Fukumushi Sencha: Fukumushi Sencha is steamed longer than regular Sencha. The longer steaming process creates a richer and sweeter taste profile. The infused tea yields a full-bodied liquor with very little astringency.
Bancha: Bancha tea is harvested late in the season and is often considered a lower grade than Sencha. To produce the tea, larger leaves are used further down the tea plant versus the younger and sweeter buds at the top. It is a mild and mellow tea with toasty notes that is low in caffeine. Bancha pairs well with food.
Genmaicha: Genmaicha (Mighty Leaf calls it’s Genmaicha Kyoto Rice) combines sencha or bancha green tea with roasted brown rice. Sometimes it’s called “popcorn” tea because the rice grains can pop during the roasting process and look like popcorn. Originally created by Zen monks hundreds of years ago, it was also drunk by poor Japanese who used the rice as a filler for the more expensive green tea. However, Genmaicha is now a popular, every day green tea in Japan known for its toasty aroma and rich flavor. You can also find Genmaicha blends with Matcha green tea powder added as well.
Gyokuro: Referred to as “precious jade dew” because of a unique blue color and naturally sweet flavor, Gyokuro is Japan’s most highy prized green tea. Grown in the shade from 20-40 days before its picked, the tea develops a sweet and vegetal flavor with a full bodied mouth feel. The reduced sunlight cuts down on the formation of tannins which create a more astringent taste and also reduces the amount of photosynthesis that occurs resulting in increased amino acids, chlorophyll and caffeine.
Hojicha: A classic green tea, Hojicha is made with roasted bancha leaves and stems from the late harvests in autumn and winter. Yielding a nutty brew Hojicha contains less caffeine than other green teas.
Karigane Kukicha: Made from stems and stalks that remain after making Gyokuro green tea, Karigane Kukicha is also referred to as a twig tea. This traditiona style of tea yields a sweet and delicate cup.

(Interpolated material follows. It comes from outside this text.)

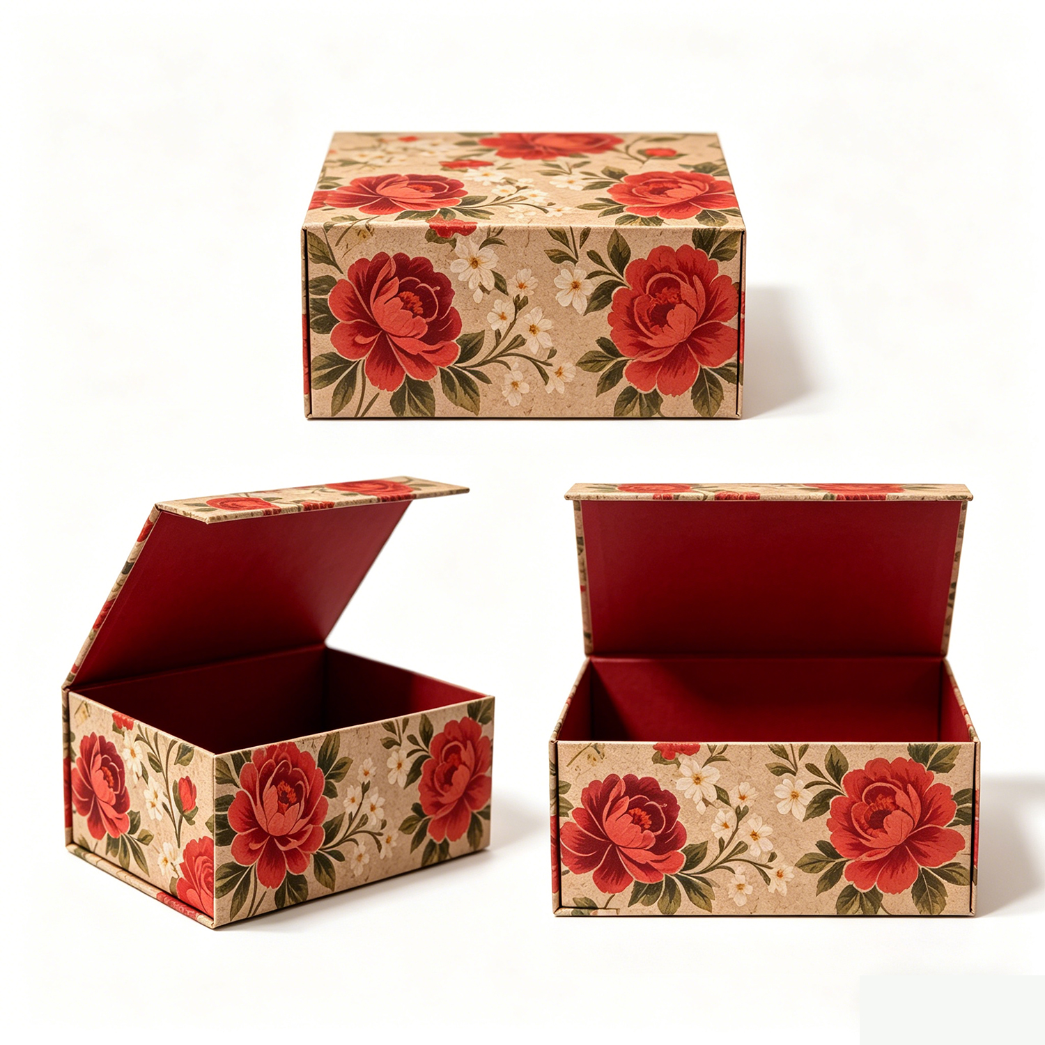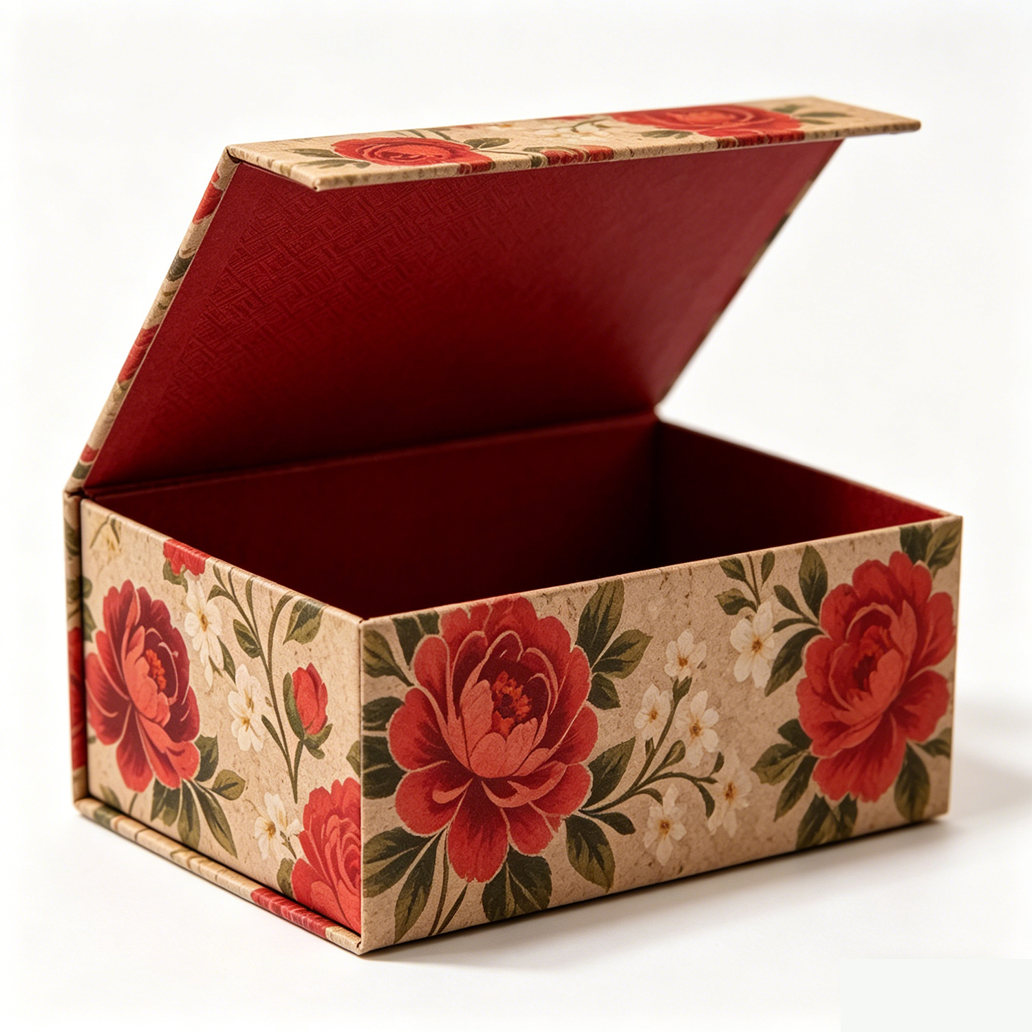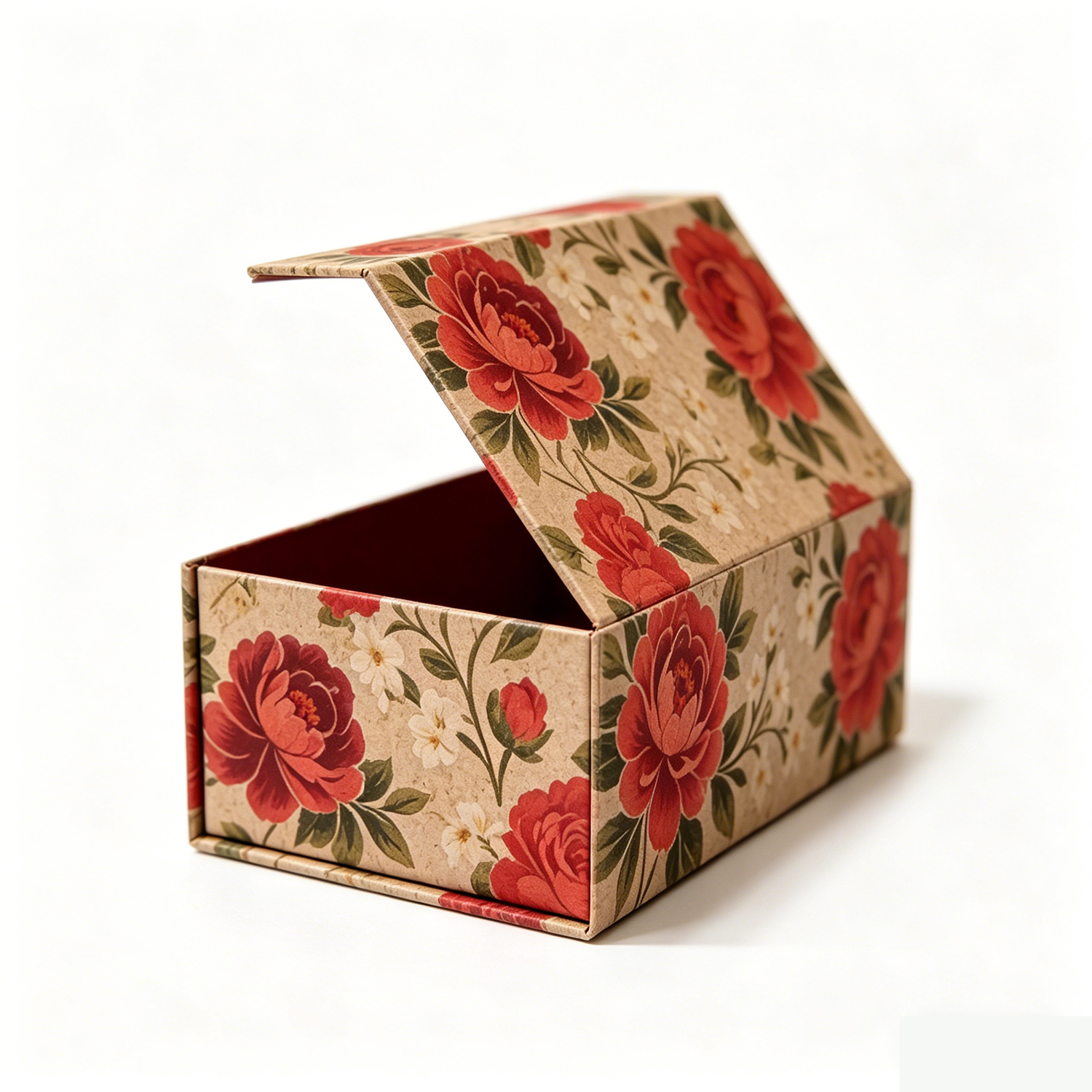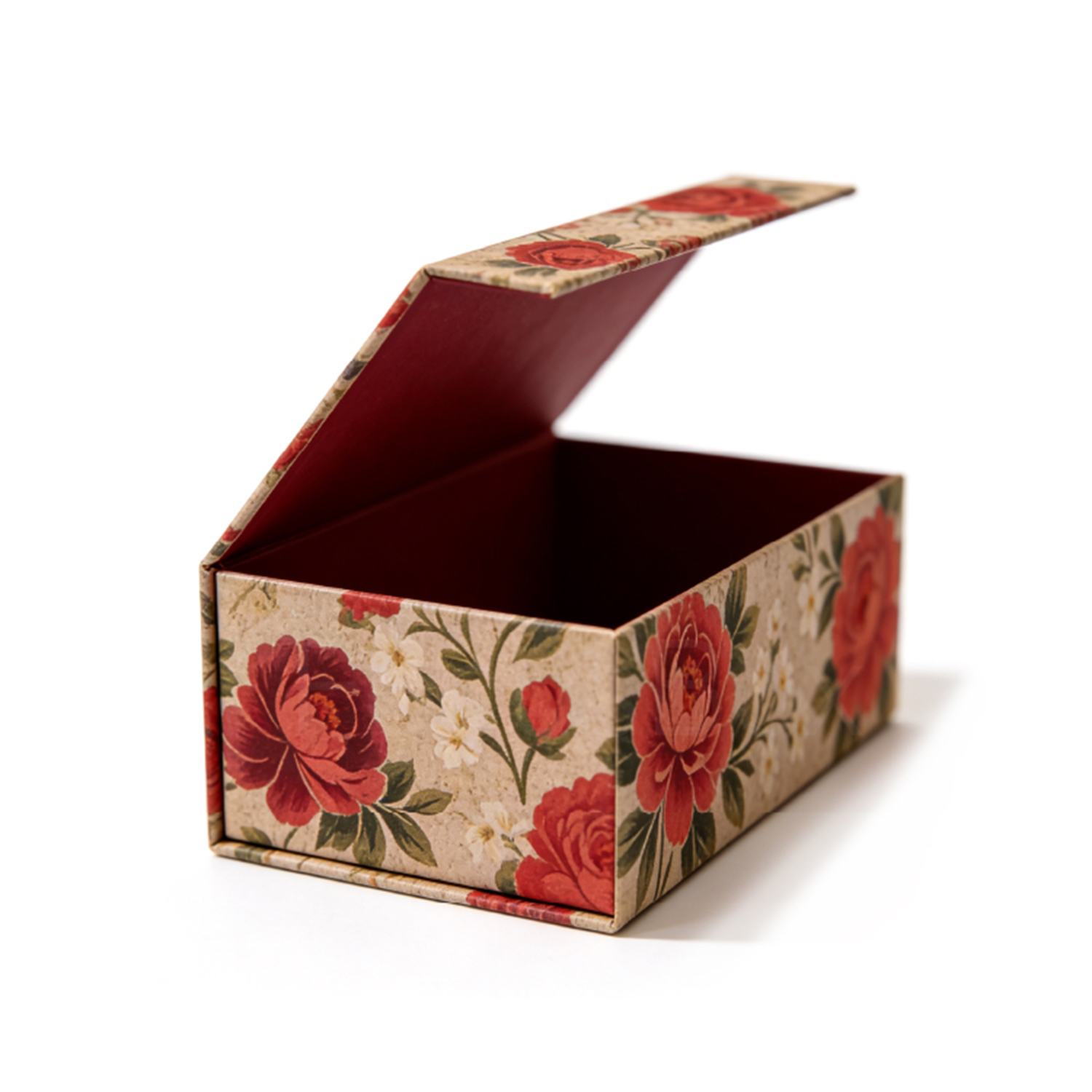 The floral design is printed on premium cardboard, and the sturdy magnetic closure secures the lid, ensuring that the contents are kept safe and sound. The interior is lined with a soft, deep burgundy material, which not only enhances the box's luxurious feel but also provides extra protection for delicate items.

Matcha: Made from premium Gyokuro tea leaves, Matcha is powered green tea commonly used in the traditional Japanese tea ceremony or the “Cha No Yu”. It contains a highly concentrated amount of green tea antioxidants, vitamins, minerals, chorophyll and the L-theanine amino acids. Matcha is unique in that the entire tea leaf is consumed versus being steeped like other teas.